> _INPUT DATA_:
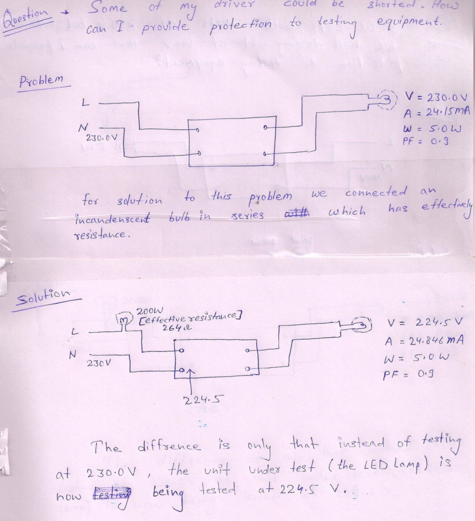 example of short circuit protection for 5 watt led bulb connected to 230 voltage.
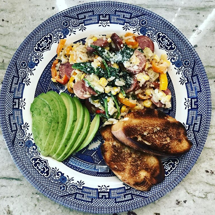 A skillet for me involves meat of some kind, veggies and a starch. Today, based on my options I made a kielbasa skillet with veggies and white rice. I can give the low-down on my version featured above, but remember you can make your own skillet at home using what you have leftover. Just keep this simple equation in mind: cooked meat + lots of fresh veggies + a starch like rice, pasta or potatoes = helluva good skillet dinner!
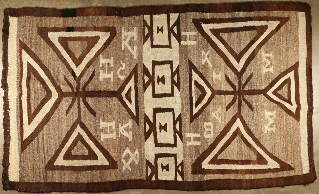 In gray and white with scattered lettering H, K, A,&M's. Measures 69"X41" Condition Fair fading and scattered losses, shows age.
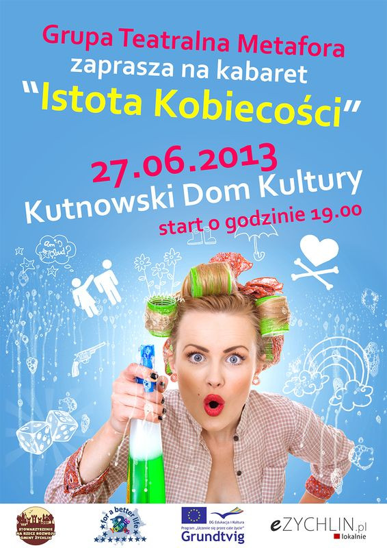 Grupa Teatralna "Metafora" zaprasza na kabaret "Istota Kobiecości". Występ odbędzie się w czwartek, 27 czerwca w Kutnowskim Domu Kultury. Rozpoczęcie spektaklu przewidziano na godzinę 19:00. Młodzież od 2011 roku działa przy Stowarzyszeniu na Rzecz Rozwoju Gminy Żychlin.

> _PROBLEM DETAILS_: Nothing but the lines from the start of the listing through the line with "A skillet for" belongs in the answer, each one retyped exactly and without pictures.

> _WRITTEN RESPONSE_:
 example of short circuit protection for 5 watt led bulb connected to 230 voltage.
 A skillet for me involves meat of some kind, veggies and a starch. Today, based on my options I made a kielbasa skillet with veggies and white rice. I can give the low-down on my version featured above, but remember you can make your own skillet at home using what you have leftover. Just keep this simple equation in mind: cooked meat + lots of fresh veggies + a starch like rice, pasta or potatoes = helluva good skillet dinner!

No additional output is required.